Кристальный матриархат
Шрифт:
— Мне к тебе подходить нельзя, — почти кричал он издалека. — У тебя грипп какой-то. Ты где-то в чужих мирах заразился. Так что, болей, на здоровье.
— Нет у меня ни кашля, ни ангины. Температуры тоже нет, — махал я в ответ руками, беспокоясь, что кто-нибудь меня услышит. —
— Не знаю. Павел сказал, что от такого, кто-то помирает, а кто-то заново нарождается. Ей Богу. Сам их разговор подслушал, — побожился близнец.
— Ну, тебя, — отмахнулся я от коллеги-путешественника.
«Угодник обещал, если что серьёзное, со спичками и птичками сразу вернётся», — успокоил себя, думая, что уж кого-кого, а своих родных он в опасной эпидемии никогда не оставит.
Так мы и разошлись. Одиннадцатый по своим делам, а я домой на карантин.
Дни потянулись за днями медленной и скучной обыкновенностью, лишь только во снах я всё ещё сражался с женскими мирами и их порядками, летал на дирижаблях, ставил памятный крест на Фортштадте, воевал с колдунами.
Целыми днями маялся, слонялся, читал, бездумно проглатывая библиотечные книжки. Узнавал и выучивал новые слова. А вечером, пожелав грустному отражению спокойной ночи и интересных снов, ложился в кровать и засыпал.
Во сне снова бился с амазонками и милиционершами. Раздваивал голландские луковицы, летал на ракетах и парашютах, искал тайные клады, продавал капусту с морковкой, покупал мебель и свиные окорока, пил газировку, и снова летал. Только во сне мне было хорошо и легко,
В конце недели не выдержал и попросил Скефий об одолжении. Ни много – ни мало, о полёте над городом и Фортштадтом с ветерком и на сверхзвуковой скорости.
Одевшись в запретную куртку, помчался навстречу сокровенным грёзам.
Покружившись над Кубанью, над Старой станицей, рванул за Горькую балку, за Кайдалы, собираясь ещё дальше в неизвестные края, в которых текут неведомые реки с судаками и раками, которые манили, манили меня, и доманились.

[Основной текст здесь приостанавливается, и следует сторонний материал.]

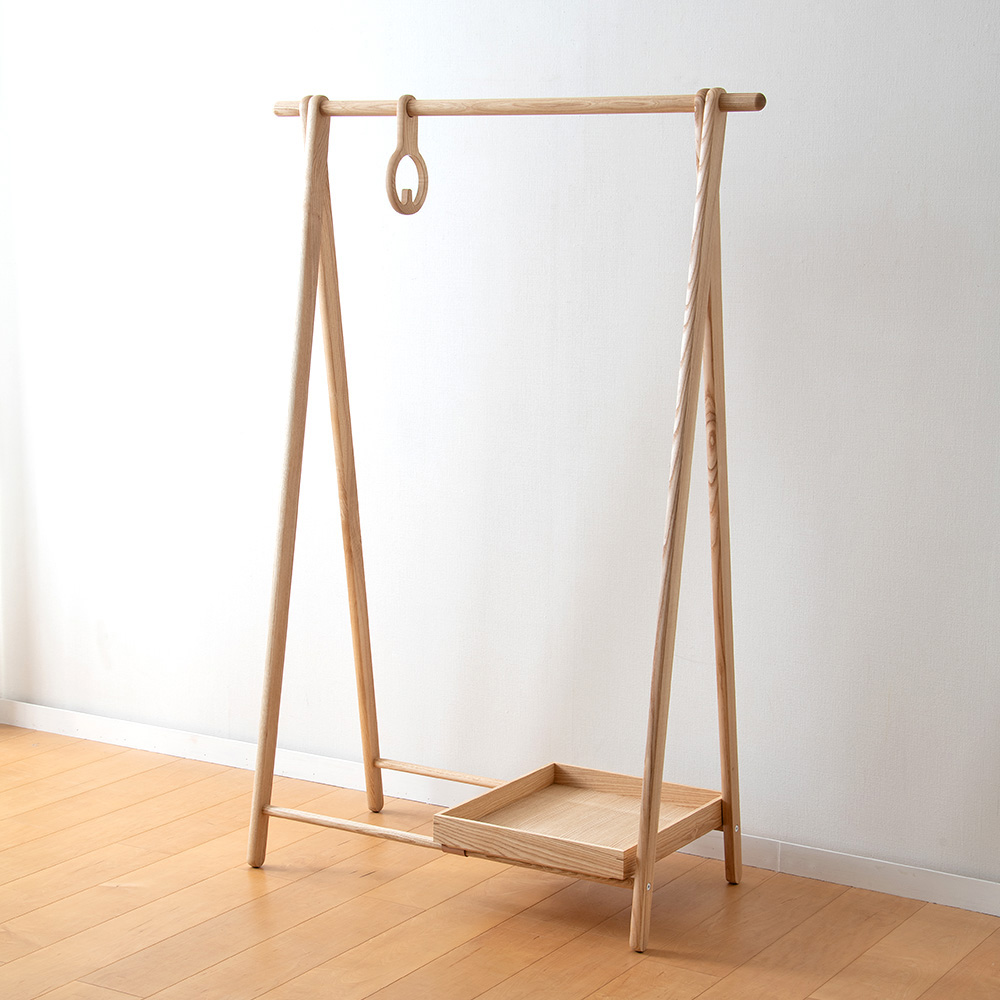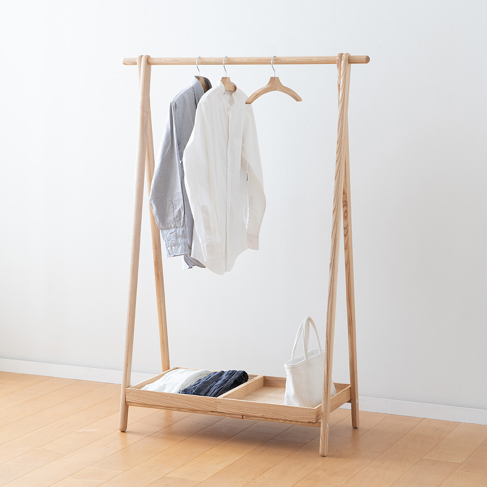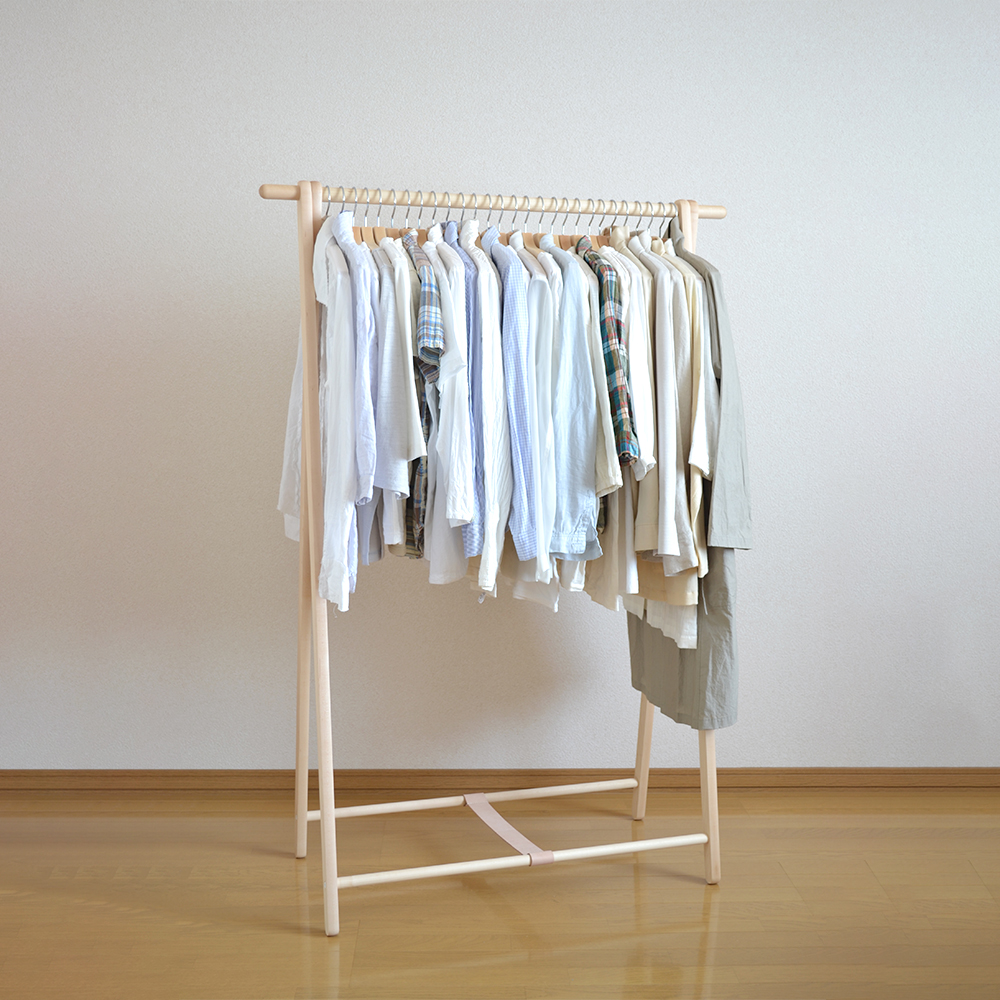コサインのハンガーで25着以上掛かる収納力と、たたんで移動できる身軽さ、どこに置いてもシンプルで飽きのこない美しいデザインと素材感が特徴です。

Где-то на полпути к желанной цели я, вдруг, увидел себя самого, только снова взрослого. Взрослого себя летевшего навстречу и беззаботно кричавшего о чём-то весёлом.
— Здравствуй, половинка! — орало моё великовозрастное и упитанное воплощение.
— Здравствуй, половинка, — успел я откликнуться и сразу же врезался в… В меня?
«Неправильно так. Отвечать нужно: “Здравствуй, четвертинка”. Тоже мне, лётчик. А затормозить?» — подумал я и почувствовал, как снова нестерпимо заныло в груди, а потом кубарем полетел вниз, точно так же, как после нашего с Укропычем бегства из Третьей больницы.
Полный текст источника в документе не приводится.